WHAT YOU HAVE TO DO> Copy each line below in which the word "This" occurs.

RECORD EXCERPTS>
- - - - -
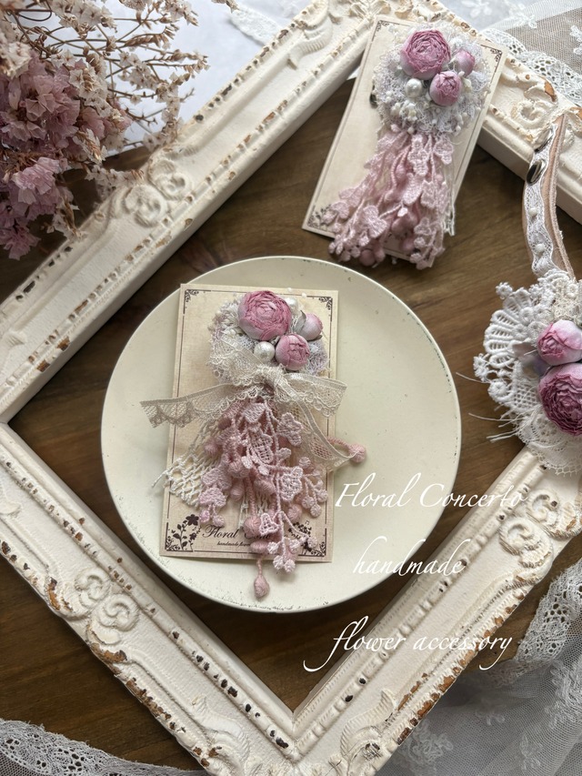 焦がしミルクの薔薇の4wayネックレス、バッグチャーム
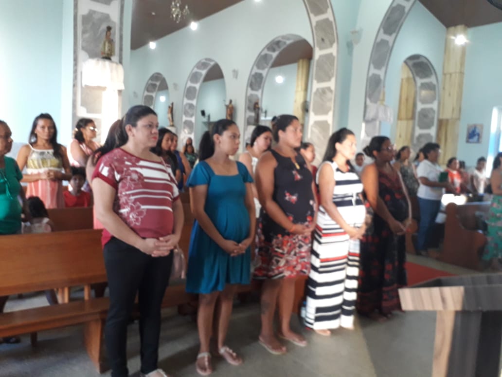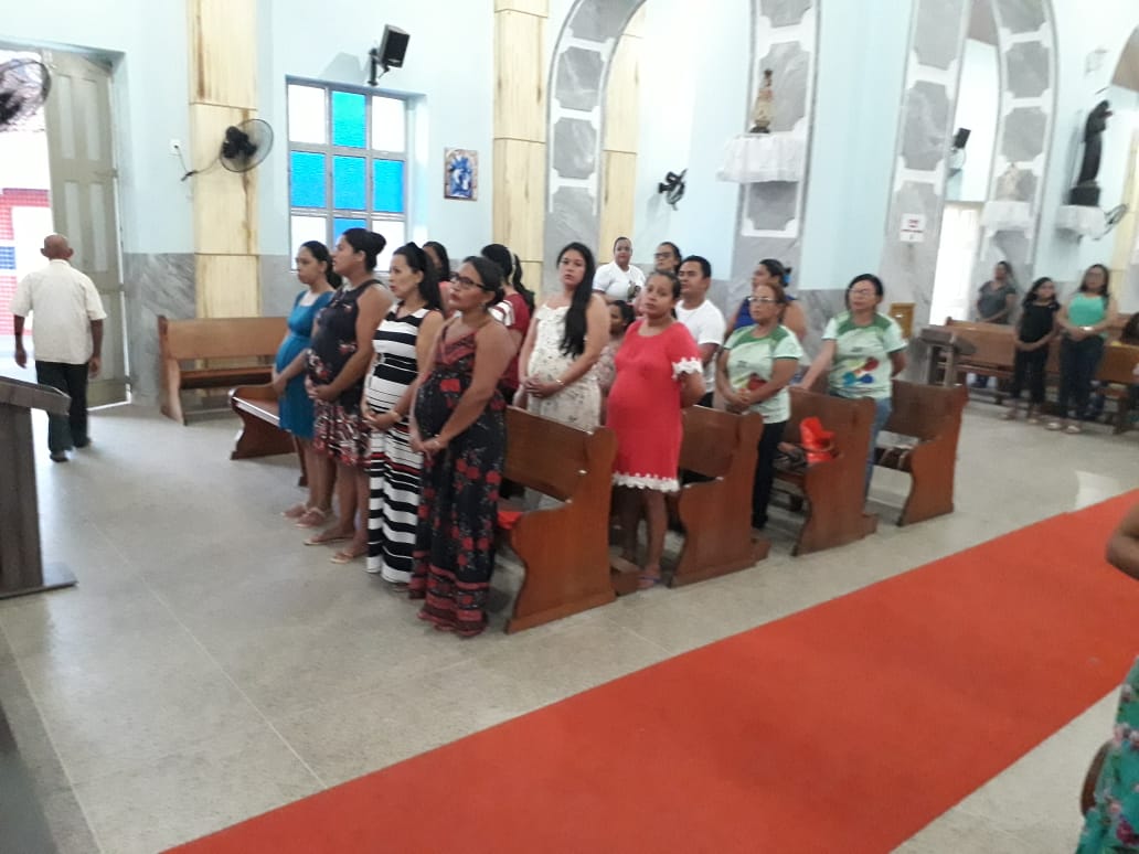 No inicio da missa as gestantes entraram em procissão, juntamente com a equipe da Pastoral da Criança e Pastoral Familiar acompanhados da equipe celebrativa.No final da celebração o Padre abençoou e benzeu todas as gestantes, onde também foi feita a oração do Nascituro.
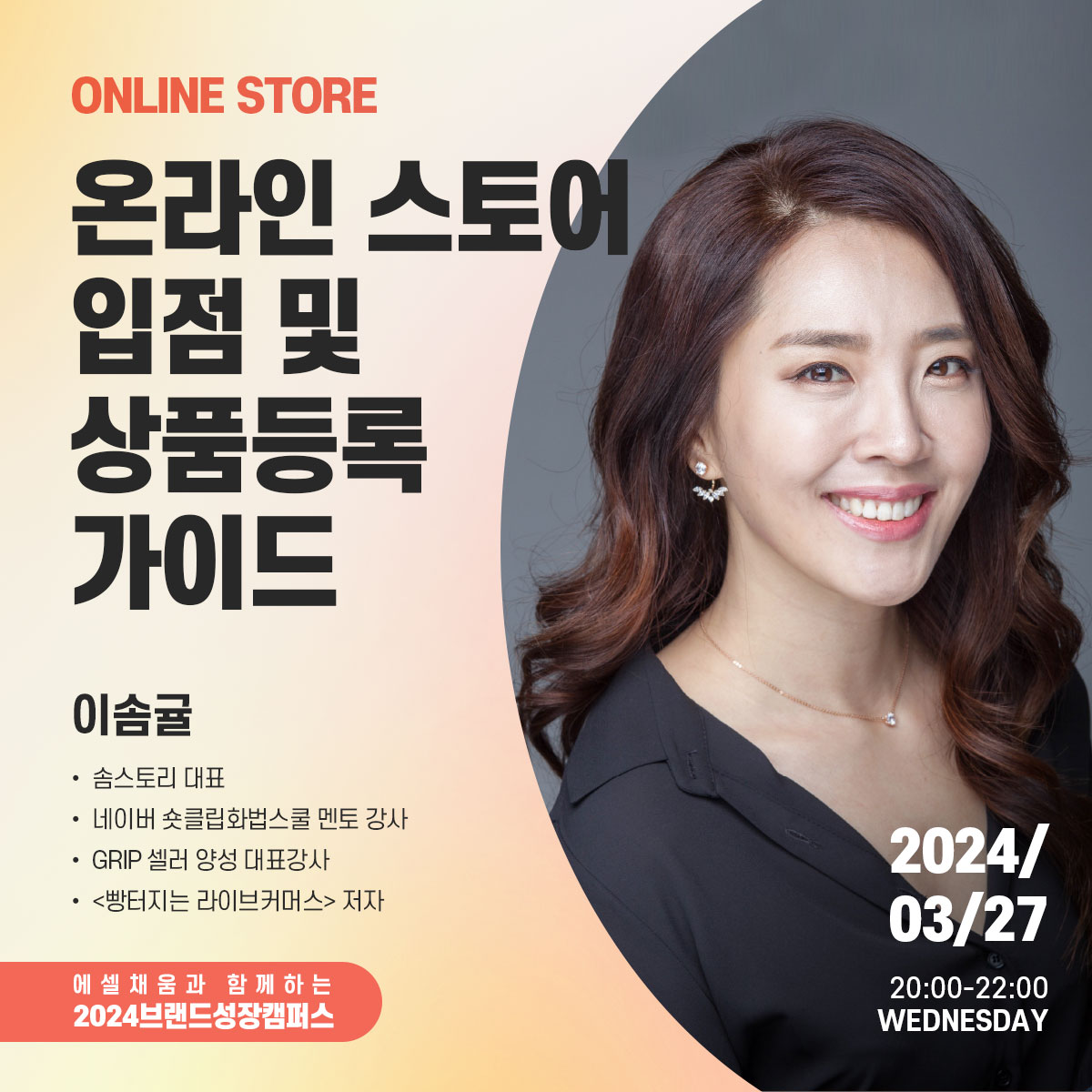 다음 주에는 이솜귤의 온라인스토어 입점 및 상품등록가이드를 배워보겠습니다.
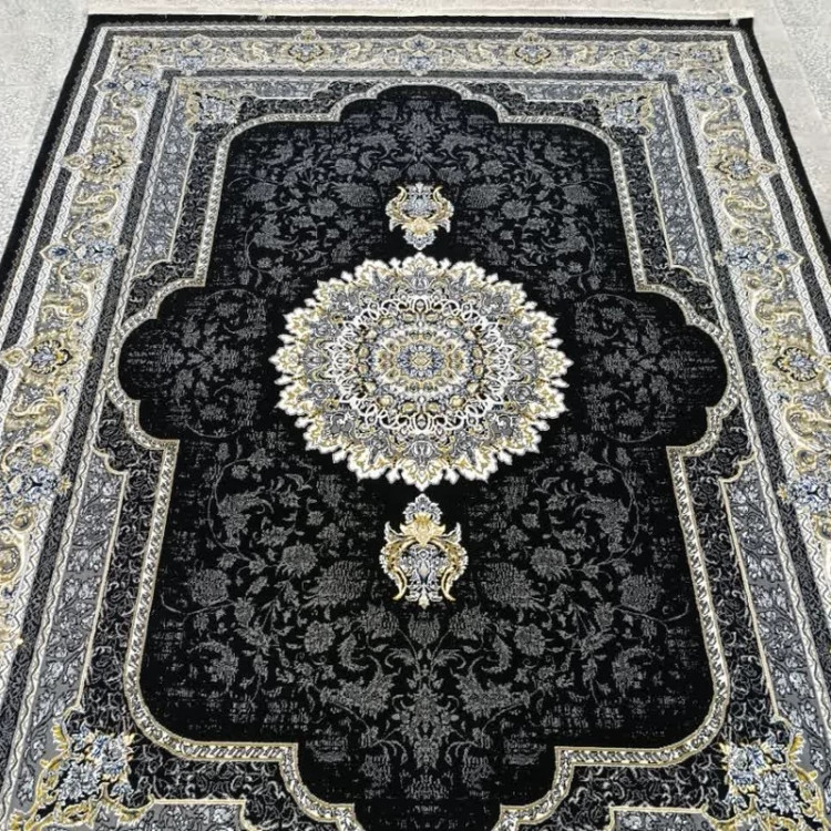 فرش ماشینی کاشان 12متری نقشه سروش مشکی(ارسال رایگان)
- - - - -
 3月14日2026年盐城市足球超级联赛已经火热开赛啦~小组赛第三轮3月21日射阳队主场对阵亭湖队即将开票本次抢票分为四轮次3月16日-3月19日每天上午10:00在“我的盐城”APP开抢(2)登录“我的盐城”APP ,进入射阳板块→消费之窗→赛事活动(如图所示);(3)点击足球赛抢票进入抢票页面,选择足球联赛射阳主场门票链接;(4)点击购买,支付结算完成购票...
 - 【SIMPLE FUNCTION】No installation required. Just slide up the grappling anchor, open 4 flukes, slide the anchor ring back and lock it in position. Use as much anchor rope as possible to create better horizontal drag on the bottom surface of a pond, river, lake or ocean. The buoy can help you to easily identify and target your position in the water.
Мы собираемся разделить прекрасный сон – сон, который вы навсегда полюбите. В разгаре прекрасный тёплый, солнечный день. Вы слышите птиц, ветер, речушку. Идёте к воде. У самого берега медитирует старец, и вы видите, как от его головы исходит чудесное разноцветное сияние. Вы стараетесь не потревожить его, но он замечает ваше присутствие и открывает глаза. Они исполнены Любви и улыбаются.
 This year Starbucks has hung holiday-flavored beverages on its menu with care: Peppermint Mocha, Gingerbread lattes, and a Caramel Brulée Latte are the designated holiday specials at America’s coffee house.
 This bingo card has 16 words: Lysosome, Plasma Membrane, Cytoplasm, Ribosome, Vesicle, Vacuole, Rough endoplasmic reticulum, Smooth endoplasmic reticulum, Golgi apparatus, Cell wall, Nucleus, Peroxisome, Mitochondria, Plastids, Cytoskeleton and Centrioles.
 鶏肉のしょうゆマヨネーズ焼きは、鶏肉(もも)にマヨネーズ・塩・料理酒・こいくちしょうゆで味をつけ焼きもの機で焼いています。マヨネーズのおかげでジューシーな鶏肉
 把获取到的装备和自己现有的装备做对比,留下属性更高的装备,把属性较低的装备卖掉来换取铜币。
- - - - -
THE ANSWER>
 This year Starbucks has hung holiday-flavored beverages on its menu with care: Peppermint Mocha, Gingerbread lattes, and a Caramel Brulée Latte are the designated holiday specials at America’s coffee house.
 This bingo card has 16 words: Lysosome, Plasma Membrane, Cytoplasm, Ribosome, Vesicle, Vacuole, Rough endoplasmic reticulum, Smooth endoplasmic reticulum, Golgi apparatus, Cell wall, Nucleus, Peroxisome, Mitochondria, Plastids, Cytoskeleton and Centrioles.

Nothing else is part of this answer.